TO DO:
An exact copy of the lines of the listing below between the "Возникает во время" line and the "UKOLIKO MOJ PUNOMOĆNIK" line, both included, is the whole answer; please omit the pictures.

AVAILABLE DATA:
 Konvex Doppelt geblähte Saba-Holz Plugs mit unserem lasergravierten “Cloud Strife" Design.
---
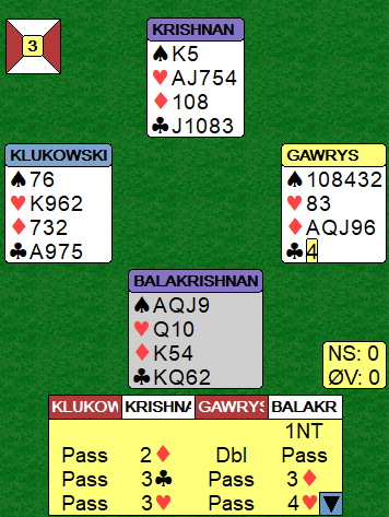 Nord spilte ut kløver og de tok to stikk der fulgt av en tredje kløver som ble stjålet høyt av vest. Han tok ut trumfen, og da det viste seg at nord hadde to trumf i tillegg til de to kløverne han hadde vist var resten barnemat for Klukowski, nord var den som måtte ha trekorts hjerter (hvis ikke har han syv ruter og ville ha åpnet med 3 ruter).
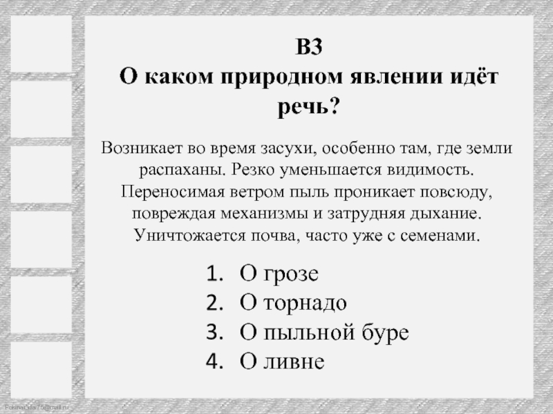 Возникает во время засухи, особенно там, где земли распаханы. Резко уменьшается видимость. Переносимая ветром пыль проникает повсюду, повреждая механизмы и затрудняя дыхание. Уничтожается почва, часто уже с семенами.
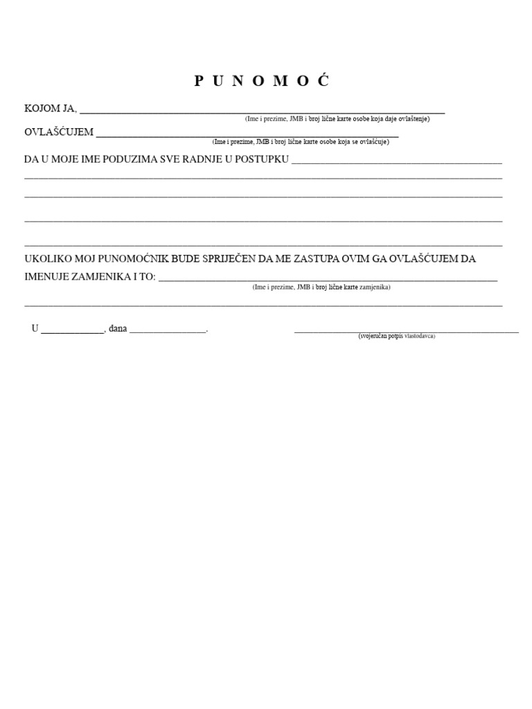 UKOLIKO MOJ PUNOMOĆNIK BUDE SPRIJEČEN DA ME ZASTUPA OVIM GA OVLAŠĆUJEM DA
==
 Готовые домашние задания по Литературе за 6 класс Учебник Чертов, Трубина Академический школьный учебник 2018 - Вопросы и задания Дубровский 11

WRITTEN SOLUTION:
 Возникает во время засухи, особенно там, где земли распаханы. Резко уменьшается видимость. Переносимая ветром пыль проникает повсюду, повреждая механизмы и затрудняя дыхание. Уничтожается почва, часто уже с семенами.
 UKOLIKO MOJ PUNOMOĆNIK BUDE SPRIJEČEN DA ME ZASTUPA OVIM GA OVLAŠĆUJEM DA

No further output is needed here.